Edmundson’s article was one I had seen before.   It’s the kind of thing that people send you when you’re the director of technology at an independent school that has a one-to-one tablet PC program.   I read it again.  Slowly.   Edmundson is a professor at UVA and describes his current students as turbocharged; moving constantly and never limiting their possibilities until the last possible moment.   On my first reading years ago, I tossed the article to the side and kept up my own constant movement.  In my head, I heard Edmundson’s voice as one that didn’t see any merit in technology and that seemed to judge his students harshly.  Now, I hear it as a mix of pity, concern, and maybe just a little bit of that judgement that seemed overwhelming in my first reading.  He sees his studies striving to reach goals that were set for them, perhaps without their own consideration.  He sees them over-achieve to their own detriment.  He sees them skimming the surface of many experiences and believes that these are thus inferior experiences.   Edmundson believes that his field, and moreover, the college experience itself, requires that students slow down.  That they learn to value the Socratic education and focus on self-knowledge.   Edmundson writes, “To live well, we must sometimes stop and think, and then try to remake the  work in progress that we currently are. There’s no better place for that than a college classroom  where, together, we can slow it down and live deliberately, if only for a while.”   While I can wholeheartedly agreed with this statement, it’s the final statement that always provokes me.  “…starting this year, no more laptops in my classroom.”

Rant Warning:  I, as a teacher, will be the first to admit that many people cannot pay attention easily.  If they have a laptop, they will do other things that listen, take notes, and think.  Just like I used to read my English homework in math class, they will read CNN or any other number of sites that are not related to the subject at hand.  Just like I used to write notes to my friends during English, they will IM and email.  Just like I used to periodically drift off and daydream, they will play some solitaire.  There’s not much difference in the behavior – just the mode.   That said, I disagree that laptops should be banned.  I also feel that somehow Edmundson is lumping me in with party-hopping, IMing, disrepectful students who don’t know themselves and make poor choices.  I’m not.  I’m a highly-organized introvert who just likes to organize using OneNote.

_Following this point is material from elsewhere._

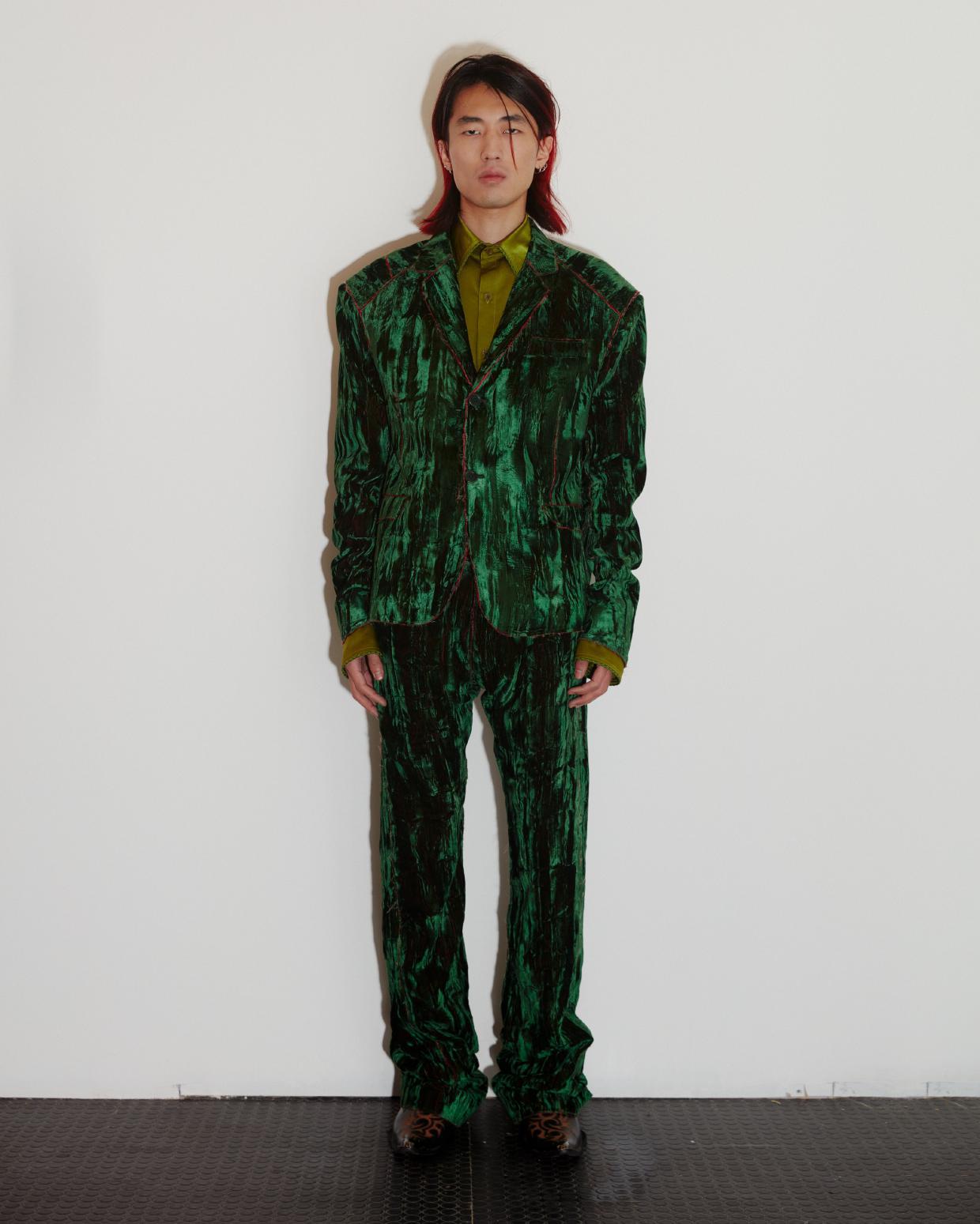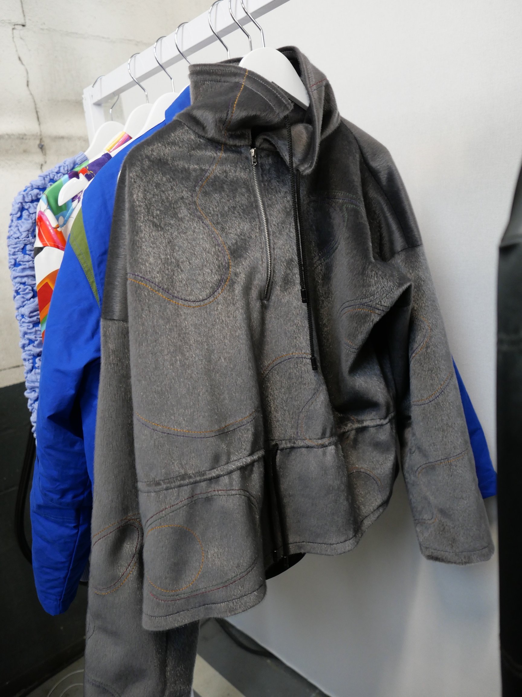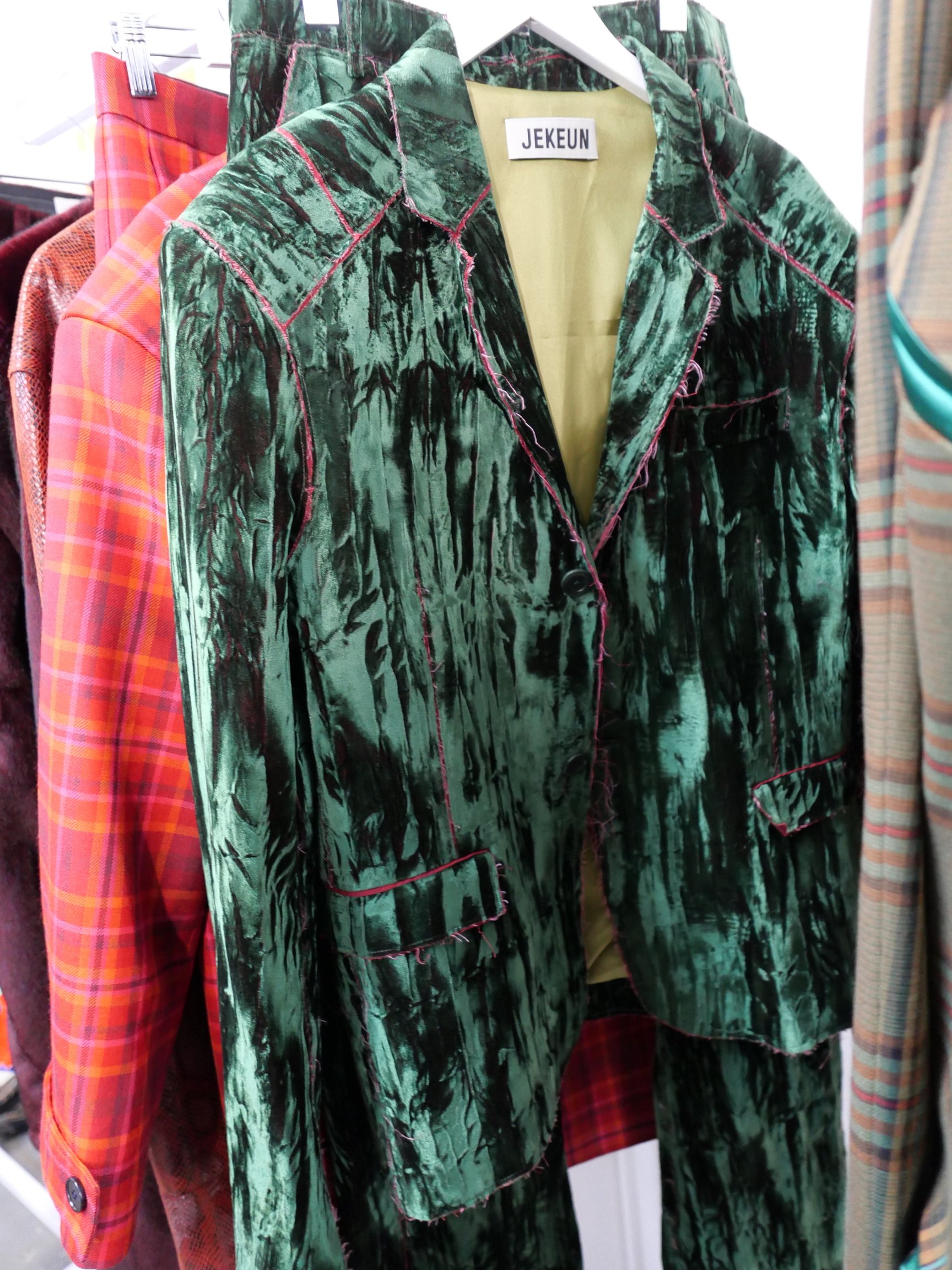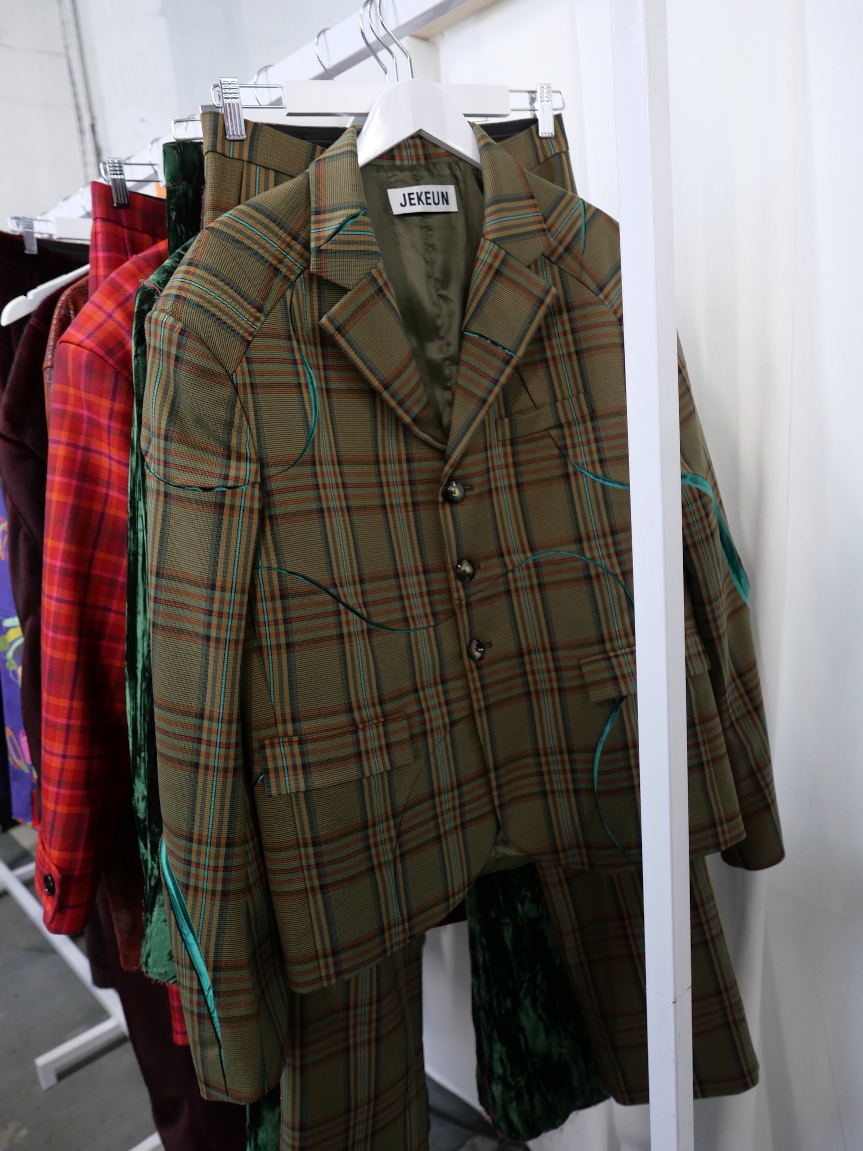 日本の血筋を引き、中国で暮らした経験もある韓国人デザイナー、ジェケウン・チョウ(Jekeun Cho)。一般大学を卒業したが、友人に勧められたウォン・カーウァイ(Wong Kar Wai)監督の「花様年華」に感化され、憧れだったファッションデザイナーの道に転向。ロンドンへ渡り、ロンドン・カレッジ・オブ・ファッションを卒業、2021年秋冬に自身のブランドをスタートした。ジェケウンが強く関心を注ぐのは人間の心理。心の内側を見せるように裏地をカッティングで露出させ、脳細胞を連想させる刺繍やニッティング、サイケデリックな柄や極彩色など、素材やテクニックなどあらゆる要素で人間の心理を表現している。
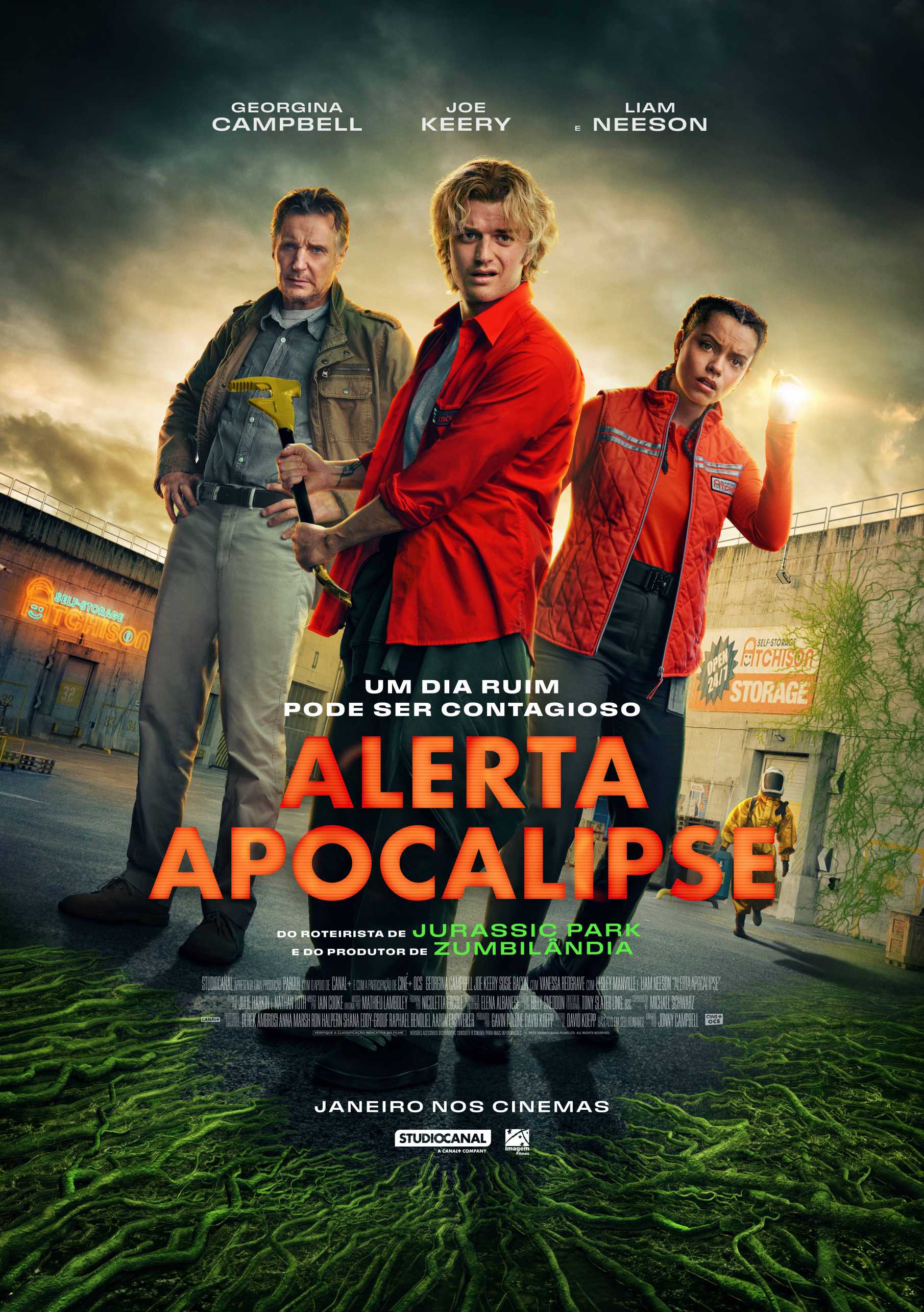Em Alerta Apocalipse, Joe Keery e Georgina Campbell vivem funcionários de uma empresa de armazenamento que se unem a um ex-agente bioterrorista para tentar conter um microorganismo mutante que escapou de uma antiga instalação militar. O veterano é vivido pelo astro Liam Neeson, indicado ao Oscar por "A Lista de Schindler" (1993) e protagonista da franquia "Busca Implacável". O elenco ainda conta com as britânicas Vanessa Redgrave, vencedora do Oscar por "Julia" (1977), e Leslie Manville, que concorreu ao prêmio da Academia por "Trama Fantasma" (2017).

Later, I returned to Greene’s article and seemed to have had a breakthrough in basic reading comprehension.    Perhaps my brain hasn’t turned to mush after all.

Greene’s article articulates, with considerably more poetry than Edmundson’s, many of the same ideas.   Both stress the need for learners to slow down, to think, to see possibility, and to look into themselves to find meaning.   They both indicate that this individual reflection must be balanced with community, that is, the ideas and experiences of others.   Both warn against complacency and trivial acceptance of “what is.”  In Edmundson’s world, this complacency comes from moving too quickly, from accepting the goals set forth by others, and from avoiding choices that remove possibility.  In Greene’s world this complacency may come from social and economic injustice and from an inability to see beyond current circumstances.  Edmundson’s students need only turn off their iPods to broaden their worlds, but Greene’s must be shown possibility as they may not have been exposed to it yet.

Aside: Perhaps what resonated most with me in Greene’s article was the statement, “There is too much of a temptation otherwise to concentrate on training rather than teaching, to focus on skills for the  work place rather than any “possible happiness” or any real consciousness of self.”  This is always what has scared me about No Child Left Behind.  Might we find that a generation of children are only able to demonstrate rote skills rather than truly think, imagine, and make change.  As one who taught computer programming, it was always important to me that my students learn the problem solving and creativity needed for code than that they learned to write predictable programs  and get high AP scores.

Both authors look to the classroom experience to allow their students to envision, and then pursue, a better life and a better world.  Both see that happening in a “democratic” setting that requires them to work in community to share ideas and experience, but also in individual thinking and reflection.  Both present the teacher as a force of change and as an counter-cultural force, working to fight complacently.   That’s something that Edmundson, Greene, and I can agree on.